In the special matter of the problems which he sent to Tartaglia by the bookseller Juan Antonio, Cardan made a beginning of that tricky and crooked course which he followed too persistently all through this particular business. In his letter he maintains with a show of indignation that he had long known these questions, had known them in fact before Colla knew how to count ten, implying by these words that he knew how to solve them, while in reality all he knew about them was the fact that they existed. Tartaglia in his answer is not to be moved from his belief, and tells Cardan flatly that he is still convinced Giovanni Colla took the questions to Milan, where he found no one able to solve them, not even Messer Hieronimo Cardano, and that the mathematician last-named sent them on by the bookseller for solution, as has been already related.
This letter of Tartaglia's bears the date of February 13, 1539, and after reading it and digesting its contents, Cardan seems to have come to the conclusion that he was not working in the right way to get possession of this secret which he felt he must needs master, if he wanted his forthcoming book to mark a new epoch in this History of Mathematics, and that a change of tactics was necessary. Alfonso d'Avalos, Cardan's friend and patron, was at this time the Governor of Milan. D'Avalos was a man of science, as well as a soldier, and Cardan had already sent to him a copy of Tartaglia's treatise on Artillery, deeming that a work of this kind would not fail to interest him. In his first letter to Tartaglia he mentions this fact, while picking holes in the writer's theories concerning transmitted force and views on gravitation. This mention of the name of D'Avalos, the master of many legions and of many cannons as well, to a man who had written a Treatise on the management of Artillery, and devised certain engines and instruments for the management of the same, was indeed a clever cast, and the fly was tempting enough to attract even so shy a fish as Niccolo Tartaglia. In his reply to Jerome's scolding letter of February 12, 1539, Tartaglia concludes with a description of the instruments which he was perfecting: a square to regulate the discharge of cannon, and to level and determine every elevation; and another instrument for the investigation of distances upon a plane surface. He ends with a request that Cardan will accept four copies of the engines aforesaid, two for himself and two for the Marchese d'Avalos.
The tone of this letter shows that Cardan had at least begun to tame the bear, who now seemed disposed to dance ad libitum to the pleasant music of words suggesting introductions to the governor, and possible patronage of these engines for the working of artillery. Cardan's reply of March 19, 1539, is friendly—too friendly indeed—and the wonder is that Tartaglia's suspicions were not aroused by its almost sugary politeness.

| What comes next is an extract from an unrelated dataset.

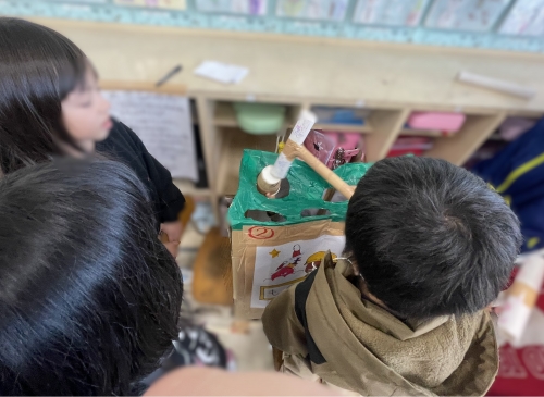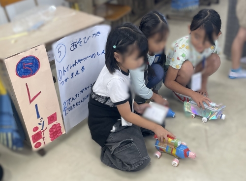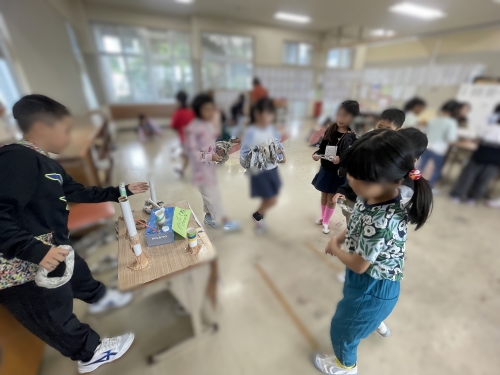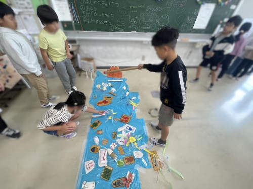 当日、会場にやってきた1年生は、魚釣り、輪投げ、もぐらたたきなど、2年生が趣向を凝らして作った様々なおもちゃやゲームを前に、目を輝かせながら夢中になって遊んでいました。
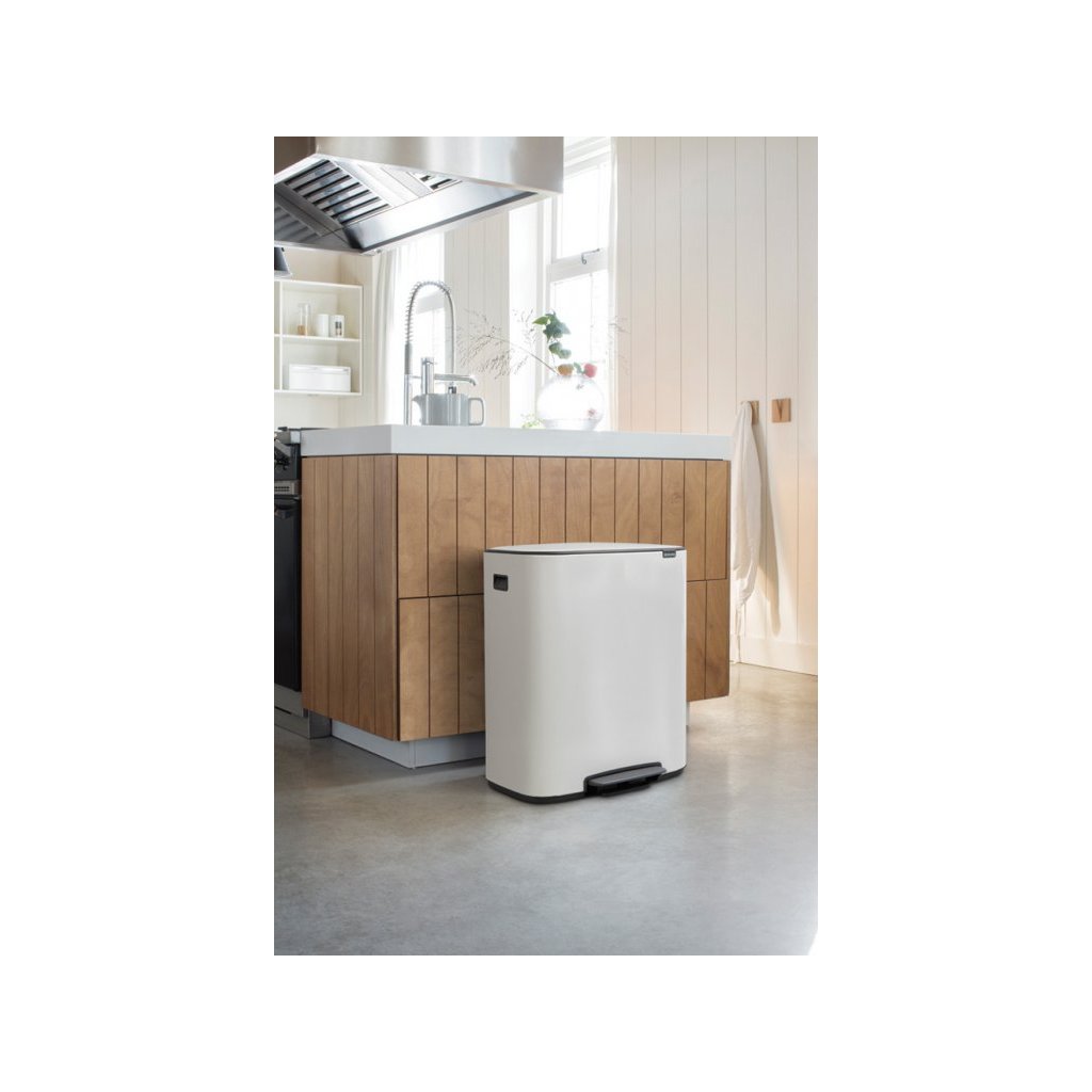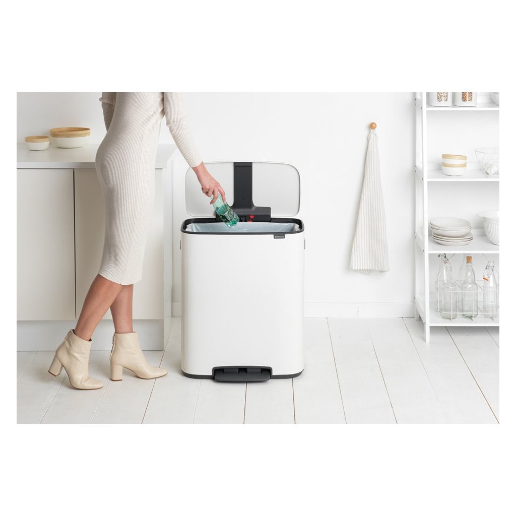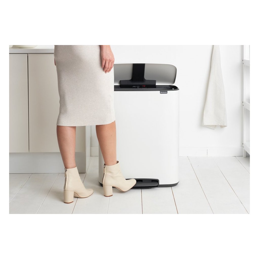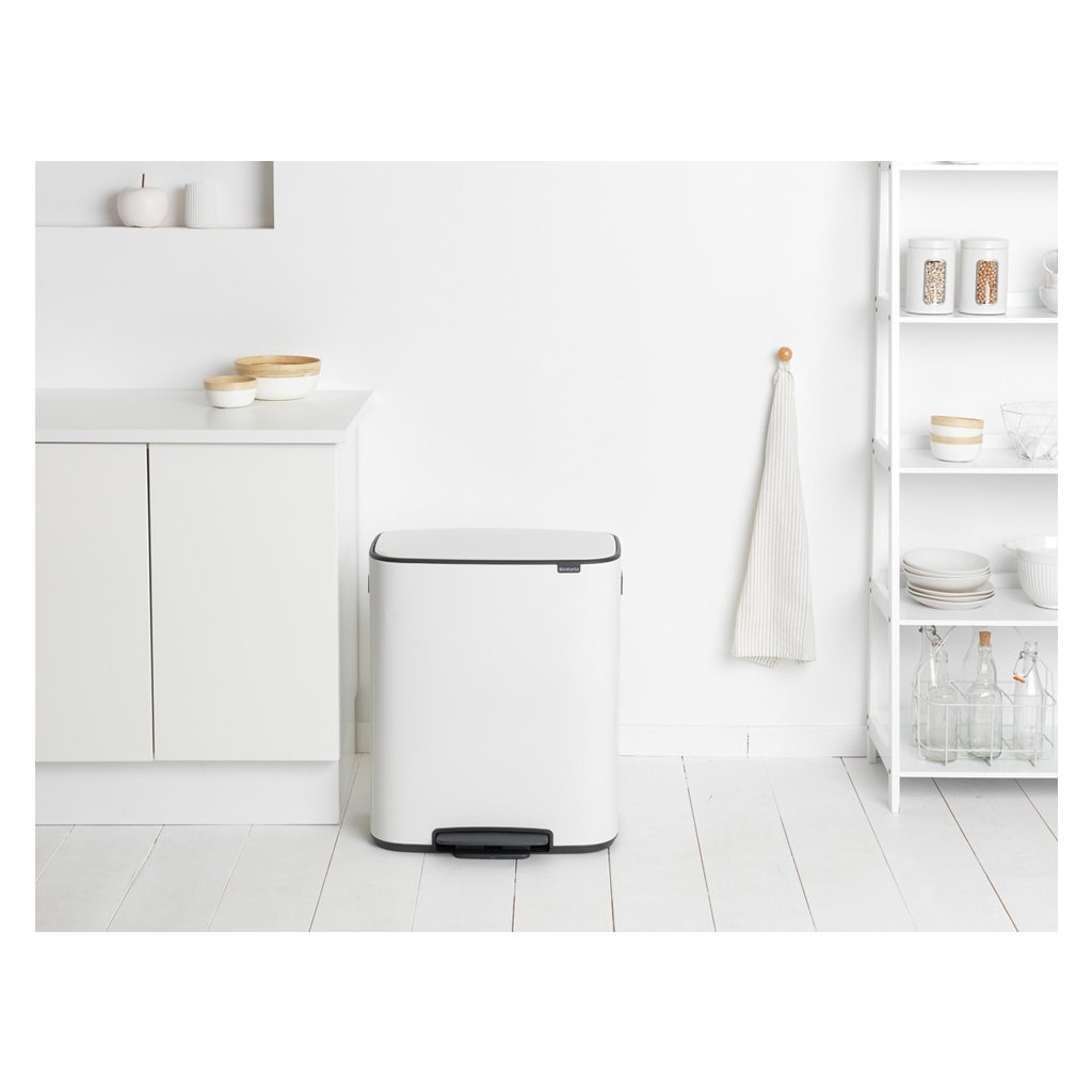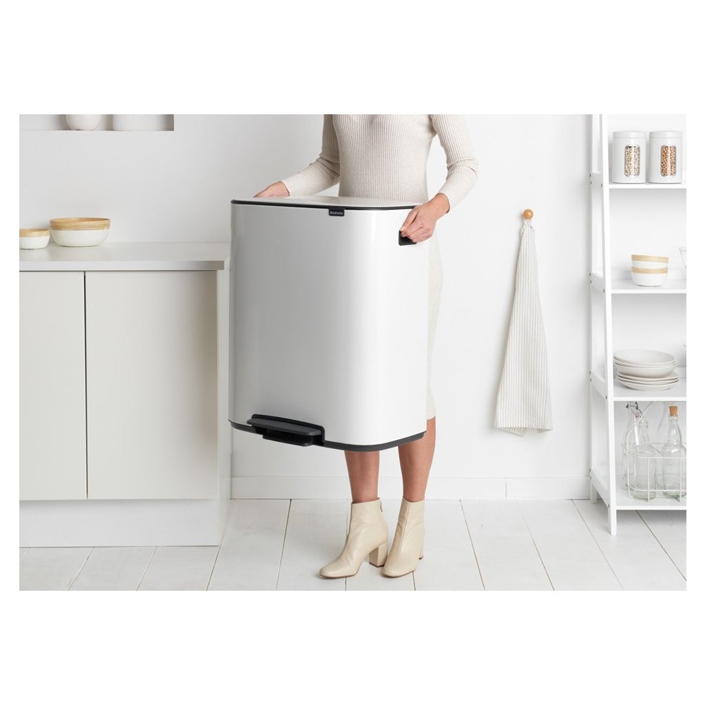 Suchen Sie nach einer angenehmen Abfalllösung für Ihr Familienleben? Dieser Bo-Pedal-Korb kombiniert ein schönes Design mit einem großen Fassungsvermögen. Schön an der Wand haftend, schont die rutschfeste Unterseite den Boden und sorgt für ein hohes Maß an Stabilität. Dank des eingebauten Mechanismus schließt sich der Deckel langsam und sehr leise. Hergestellt aus hochwertigen Materialien - 10 Jahre Garantie.

It begins with an attempt to soften down the asperities of their former correspondence, some abuse of Giovanni Colla, and an apology for the rough words of his last epistle. Cardan then shows how their misunderstanding arose chiefly from a blunder made by Juan Antonio in delivering the message, and invites Tartaglia to come and visit him in his own house in Milan, so that they might deliberate together on mathematical questions; but the true significance of the letter appears in the closing lines. "I told the Marchese of the instruments which you had sent him, and he showed himself greatly pleased with all you had done. And he commanded me to write to you forthwith in pressing terms, and to tell you that, on the receipt of my letter, you should come to Milan without fail, for he desires to speak with you. And I, too, exhort you to come at once without further deliberation, seeing that this said Marchese is wonted to reward all men of worth in such noble and magnanimous and liberal fashion that none of them ever goes away dissatisfied."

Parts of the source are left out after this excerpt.